BEGIN

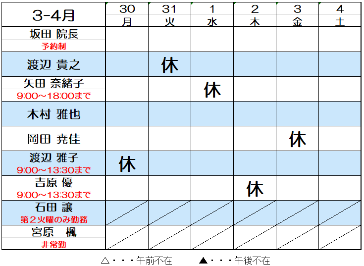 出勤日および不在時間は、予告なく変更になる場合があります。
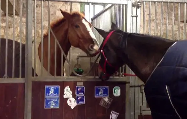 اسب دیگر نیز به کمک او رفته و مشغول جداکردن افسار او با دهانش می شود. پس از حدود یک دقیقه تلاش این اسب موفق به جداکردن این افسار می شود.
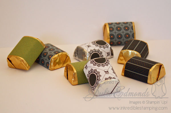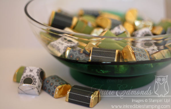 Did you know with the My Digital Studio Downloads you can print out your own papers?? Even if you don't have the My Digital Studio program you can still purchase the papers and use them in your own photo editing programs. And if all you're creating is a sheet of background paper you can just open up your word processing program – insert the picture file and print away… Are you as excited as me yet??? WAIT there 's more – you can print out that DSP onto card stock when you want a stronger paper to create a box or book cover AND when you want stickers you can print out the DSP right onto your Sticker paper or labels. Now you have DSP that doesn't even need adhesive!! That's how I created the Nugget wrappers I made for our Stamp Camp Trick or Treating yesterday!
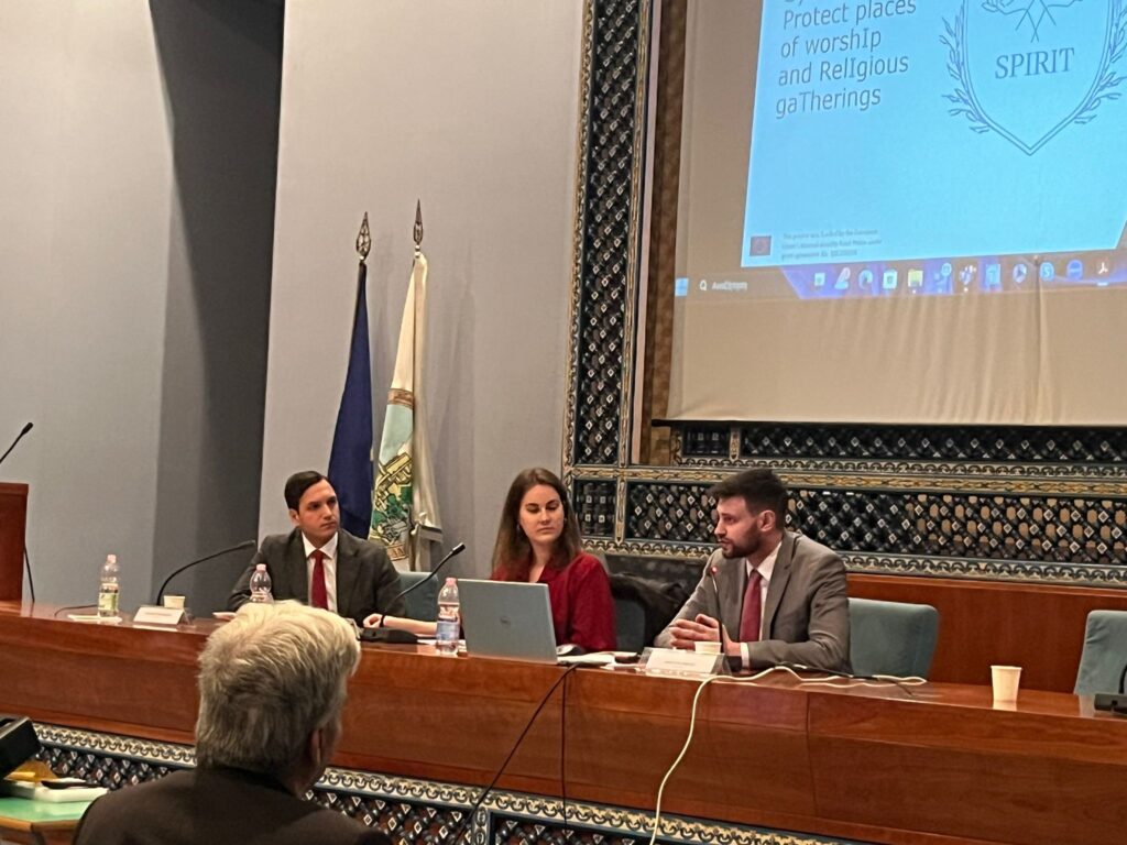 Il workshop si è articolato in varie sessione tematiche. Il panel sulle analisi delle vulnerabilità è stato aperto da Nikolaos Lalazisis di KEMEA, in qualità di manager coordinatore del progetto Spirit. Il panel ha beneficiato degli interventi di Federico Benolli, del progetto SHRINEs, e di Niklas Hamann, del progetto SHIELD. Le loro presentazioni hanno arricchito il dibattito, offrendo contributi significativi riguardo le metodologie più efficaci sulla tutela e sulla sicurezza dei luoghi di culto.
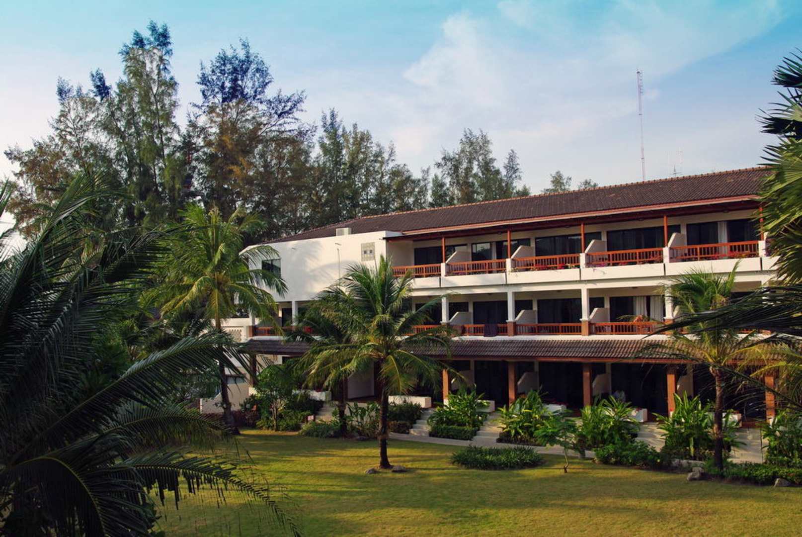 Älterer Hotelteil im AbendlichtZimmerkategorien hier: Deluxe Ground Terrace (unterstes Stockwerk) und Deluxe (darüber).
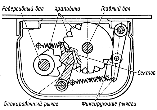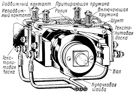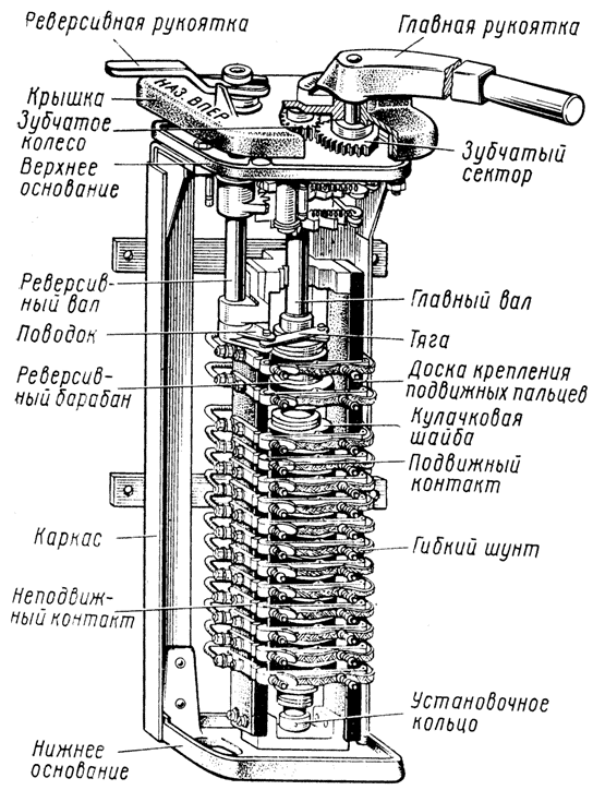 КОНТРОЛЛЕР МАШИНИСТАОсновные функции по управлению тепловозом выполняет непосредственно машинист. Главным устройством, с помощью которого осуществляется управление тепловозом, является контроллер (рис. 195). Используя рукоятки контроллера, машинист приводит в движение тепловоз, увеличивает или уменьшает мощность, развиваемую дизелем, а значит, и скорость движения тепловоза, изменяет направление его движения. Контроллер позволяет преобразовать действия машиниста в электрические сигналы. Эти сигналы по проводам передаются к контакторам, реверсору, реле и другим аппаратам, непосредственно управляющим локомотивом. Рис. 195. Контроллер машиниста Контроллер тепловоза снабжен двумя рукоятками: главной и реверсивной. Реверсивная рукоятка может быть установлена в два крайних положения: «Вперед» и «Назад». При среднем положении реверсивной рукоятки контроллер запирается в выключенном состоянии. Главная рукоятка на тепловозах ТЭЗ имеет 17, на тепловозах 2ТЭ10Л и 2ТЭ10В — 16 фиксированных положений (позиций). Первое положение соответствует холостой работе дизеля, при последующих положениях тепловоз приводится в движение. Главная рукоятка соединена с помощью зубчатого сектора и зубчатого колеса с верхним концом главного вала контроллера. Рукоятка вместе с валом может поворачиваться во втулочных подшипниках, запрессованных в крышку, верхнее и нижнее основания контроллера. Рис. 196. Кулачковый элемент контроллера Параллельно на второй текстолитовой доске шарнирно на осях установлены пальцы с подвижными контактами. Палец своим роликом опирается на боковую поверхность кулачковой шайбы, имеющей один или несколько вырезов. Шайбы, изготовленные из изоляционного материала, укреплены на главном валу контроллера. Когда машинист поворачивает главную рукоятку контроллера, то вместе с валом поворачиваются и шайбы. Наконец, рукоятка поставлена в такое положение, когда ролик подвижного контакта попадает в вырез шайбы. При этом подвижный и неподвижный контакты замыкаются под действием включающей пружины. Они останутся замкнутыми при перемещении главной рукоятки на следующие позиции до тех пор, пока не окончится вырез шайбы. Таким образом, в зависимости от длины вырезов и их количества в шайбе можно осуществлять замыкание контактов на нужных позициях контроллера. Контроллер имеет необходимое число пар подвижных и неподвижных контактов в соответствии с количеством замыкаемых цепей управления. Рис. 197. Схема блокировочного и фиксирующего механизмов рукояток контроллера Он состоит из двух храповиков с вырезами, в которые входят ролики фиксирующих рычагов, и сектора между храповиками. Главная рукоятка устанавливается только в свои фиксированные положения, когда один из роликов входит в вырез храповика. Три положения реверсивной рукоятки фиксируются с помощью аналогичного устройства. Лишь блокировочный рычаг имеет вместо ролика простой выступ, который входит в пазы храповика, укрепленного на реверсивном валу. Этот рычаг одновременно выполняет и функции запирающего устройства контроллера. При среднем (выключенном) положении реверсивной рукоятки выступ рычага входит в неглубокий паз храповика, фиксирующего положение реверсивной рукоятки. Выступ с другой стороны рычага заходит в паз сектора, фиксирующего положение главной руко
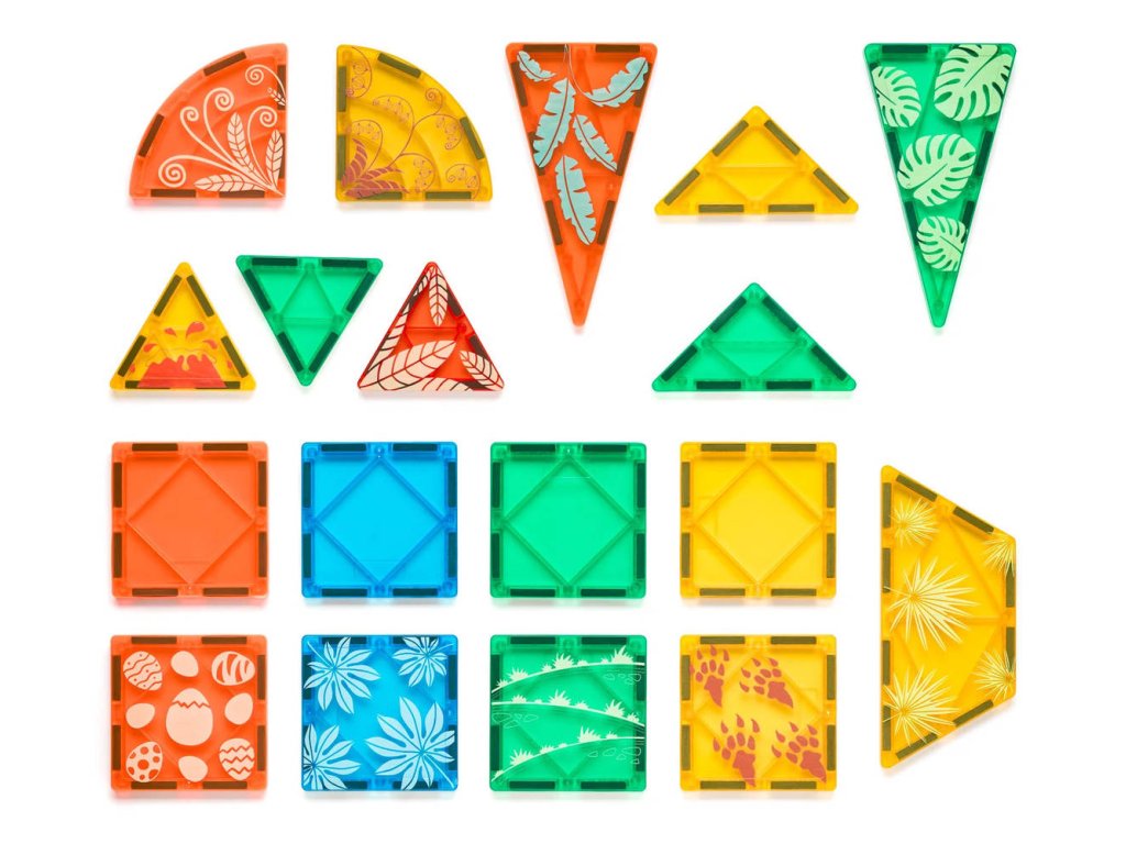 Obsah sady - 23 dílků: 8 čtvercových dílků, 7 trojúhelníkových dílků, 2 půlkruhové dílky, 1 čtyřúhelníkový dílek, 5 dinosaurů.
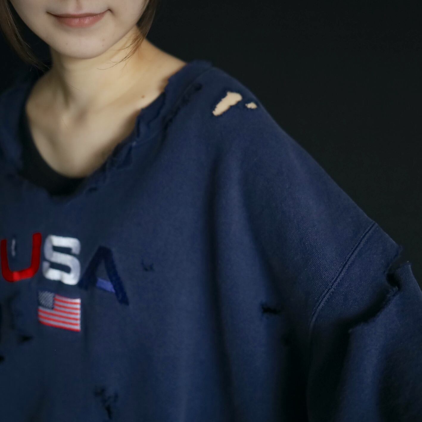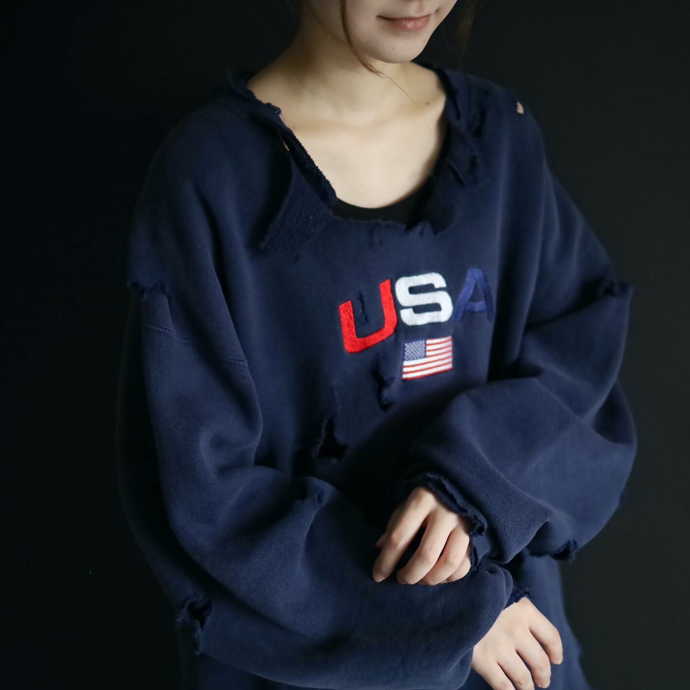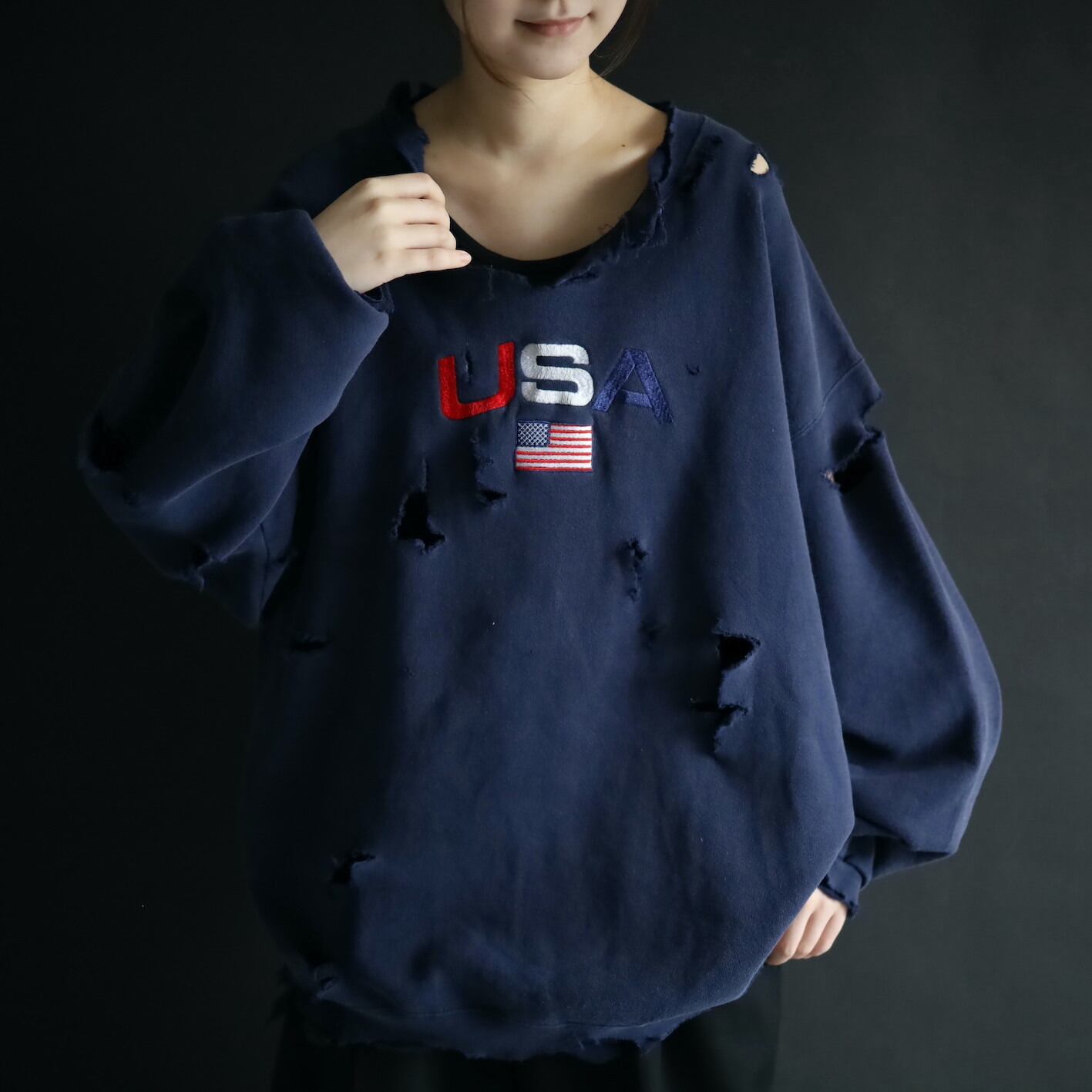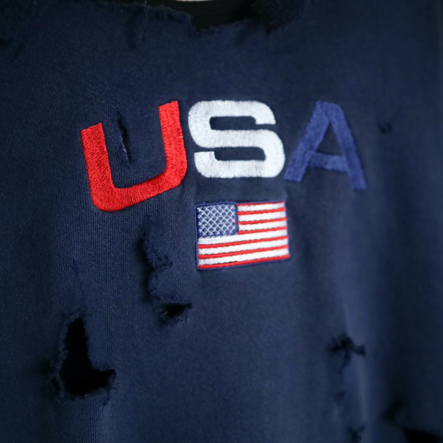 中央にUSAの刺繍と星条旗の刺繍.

END

WHAT TO WORK ON – Repeat exactly the line containing "Obsah sady - 23" and every line after it through the end of the records, and nothing else. Leave the pictures out.

EXPECTED ANSWER –
 Obsah sady - 23 dílků: 8 čtvercových dílků, 7 trojúhelníkových dílků, 2 půlkruhové dílky, 1 čtyřúhelníkový dílek, 5 dinosaurů.
 中央にUSAの刺繍と星条旗の刺繍.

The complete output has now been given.